Уже в первых рассказах Лейкина, помеченных подзаголовком «сцены», находим единичную или редкую, курьезную деталь, относящуюся к внешности, поведению персонажей, обстановке. «На другой день поутру у крыльца с навесом, около ушата с помоями, на поверхности которых плавали обглоданные лимонные корки, уголья, вытрясенные из самовара, и яичная скорлупа[281], стояли две женщины» («Похороны. Сцены». – В кн.: Лейкин Н. А. Повести, рассказы и драматические сочинения. Т. I. СПб., 1871). «Мужики вошли в столовую <…> парильщик кашлянул, хотел плюнуть, но, не нашедши на полу приличного места, плюнул в руку и отер ее о тулуп» («Новый год. Сцены». – В кн.: Лейкин Н. А. Сцены из купеческого быта. СПб, 1871). «Двор был грязный; попадались какие-то навесы с стоящими под ними телегами, амбары; на дверях одного из амбаров было написано: „я картина, а ты скотина“ («У гадалки». – В сб. «Неунывающие россияне». СПб., 1879).

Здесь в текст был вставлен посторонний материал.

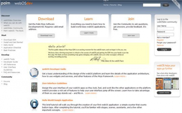 Beaucoup l'attendait depuis un bon moment, et il devait être mis en ligne vers la fin de l'été. Le SDK de Palm WebOS est maintenant rendu public et les développeurs peuvent le télécharger sur le site dédié. Sur le site du WebOS, estampillé en BETA, on trouvera également tous les renseignements ...
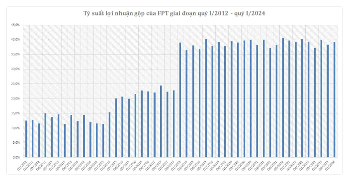 Sự bền bỉ của FPT còn được thể hiện ở việc duy trì ổn định biên lợi nhuận gộp. Cụ thể, kể từ sau khi bỏ sáp nhập FPT Retail, biên lợi nhuận gộp của FPT tăng vọt vào quý I/2018 và thường duy trì ổn định trong khoảng 35 - 40%.
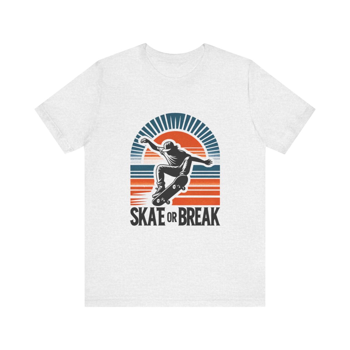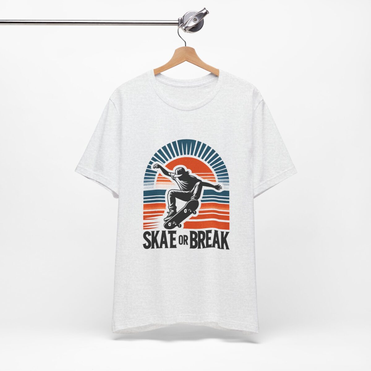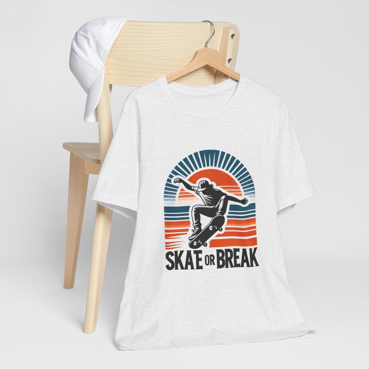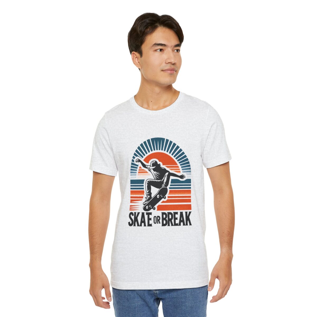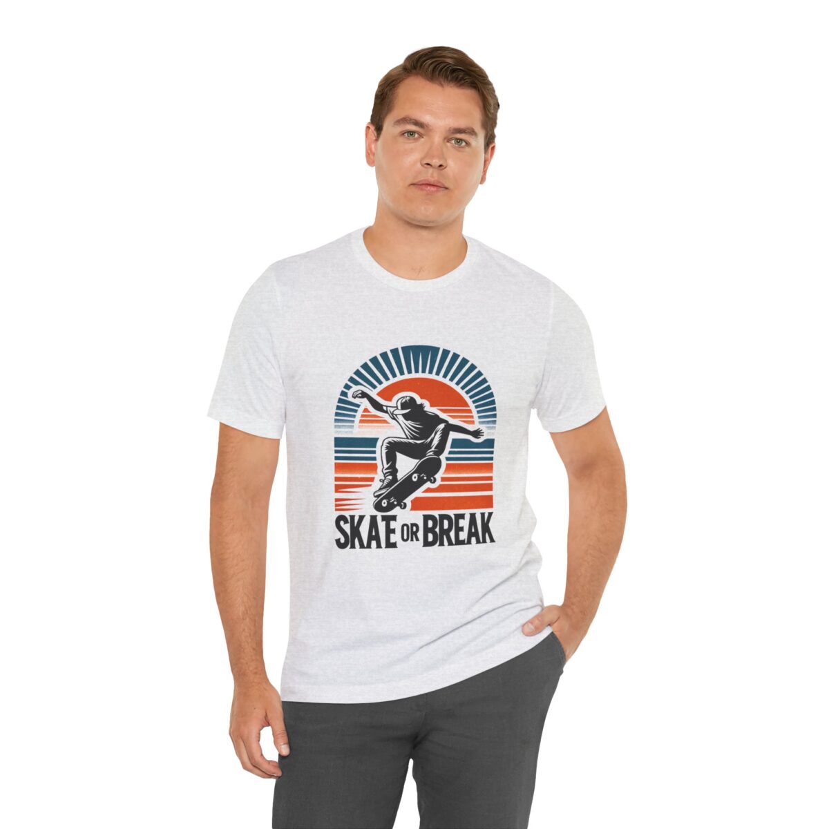 Introducing the “Skates or Break” T-Shirt – a classic unisex jersey short sleeve tee that captures the spirit of skateboarding with a bold statement. Designed to fit like a well-loved favorite, this shirt combines soft cotton and high-quality printing, making it a piece you’ll fall in love with over and over again. With ribbed knit collars for enhanced shaping and tapered shoulders for a better fit, this tee offers lasting comfort and style that improves with every wear.
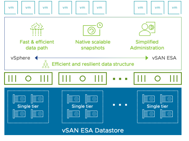 • Optimized Write Path: ESA writes data directly to the storage pool, eliminating the cache-capacity tier staging process used in OSA. This results in lower latency and improved consistency for write operations.
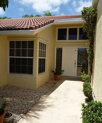 Updated pool home in tropical setting with private guard gated entrance and excellent schools ! From the moment you enter, you will be captivated by the style of this home. Open floor plan, vaulted ceilings, french doors, and transom windows make this home very bright and airy. Interior upgrades include kitchen with granite counter tops and backsplash, custom pull out drawers and newer appliances. Remodeled baths with granite counter tops. Newer windows and doors. Sliders replaced w/ Fr...
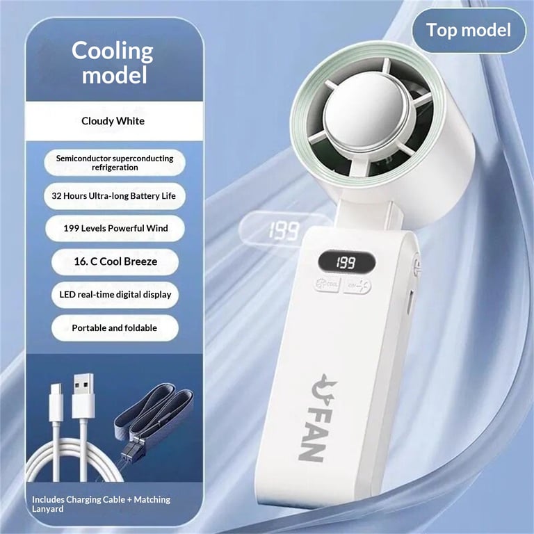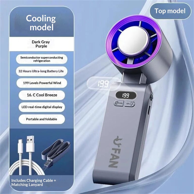 <p>Beat the heat with a personal cooling solution that combines semiconductor refrigeration technology with a powerful handheld fan—no more sweating through your workday, commute, or outdoor adventures. This innovative ice pack fan delivers instant relief wherever you are, keeping you cool and comfortable all day long.</p><ul><li><strong>Semiconductor Refrigeration System</strong> — Advanced cooling technology drops air temperature by up to 15°C below ambient, providing genuine relief beyond standard fans</li><li><strong>Extended 30-32 Hour Battery Life</strong> — Single charge lasts through multiple days of use, eliminating constant recharging frustrations on the go</li><li><strong>199 Adjustable Speed Levels</strong> — Digital display lets you fine-tune airflow intensity from gentle breeze to powerful cooling blast based on your comfort needs</li><li><strong>Three Usage Modes</strong> — Switch seamlessly between handheld grip, foldable desktop stand, and neck lanyard configurations for maximum versatility</li><li><strong>Lightweight Portable Design</strong> — Compact plastic construction weighs under 200g, fitting easily into bags, backpacks, or desk drawers without bulk</li></ul><p><strong>Perfect for:</strong> Office workers battling summer heat waves, outdoor enthusiasts hiking in hot climates, travelers needing personal AC in transit, and students studying in non-air-conditioned spaces.</p><p>Durable plastic construction with modern pastel color options (white, purple, pink) and intuitive button controls. Ships fast across Canada with our 30-day satisfaction guarantee.</p><p>✅ Fast shipping across Canada · 30-day returns · Secure checkout</p><p>Stock is limited—grab yours before summer demand peaks.</p>

Правда, предметы этого рода не могли присутствовать в сценке в таком изобилии, как в натуралистическом романе 80-х годов, – из-за краткости собственно повествования. Но сценка показывала возможность включения такого предмета, она прививала вкус к детали, не связанной с основной темой, а возникшей здесь же, в процессе действия, детали ситуационной, сиюминутной.

5

После опыта натуральной школы русская литература сохранила внимание к вещи и даже усилила его (в социально направленном аспекте у шестидесятников). Но литературное мышление менялось – это было уже другое внимание.

Натуральная школа внимательна к подробностям, даже мелочна и микроскопична. Но суть ее к ним отношения очень точно выразил Ап. Григорьев: «Манера натуральной школы состоит в описании частных, случайных подробностей действительности, в придаче всему случайному значения необходимости»[282]. Предмет у нее существовал как предмет для – для изображения сословия, профессии, уклада, типа, картины. Теперь, в 70–90-е годы, введение вещи уже не было так жестко детерминировано конкретным заданием. Возрос интерес к предмету вообще.

В наиболее крайних формах это отношение к предмету появилось позже – в творчестве русских натуралистов 70–90-х годов: П. Д. Боборыкина, Б. М. Маркевича, В. П. Авенариуса, Вас. И. Немировича-Данченко, А. В. Амфитеатрова и других, сильно отошедших от традиций натуральной школы, от «физиологий», «в которых „низменная“, „пошлая“ природа нередко аналитически воспроизводилась, художественно исследовалась, но отнюдь не „воспевалась“»[283].

В. В. Вересаев, вспоминая описательство натуралистов, замечал: «Как легко было так писать! Взял записную книжку, стань перед витриной и пиши! Описывать наружность человека: лоб у него был белый и открытый, густые брови нависали над черными вдумчивыми глазами, нос… губы… волосы… И так дальше. Или обстановку комнаты: посреди стоял стол, покрытый розовой скатертью с разводами; вокруг стола было расставлено пять-шесть стульев… Комод в углу… В другом углу… И так дальше»[284].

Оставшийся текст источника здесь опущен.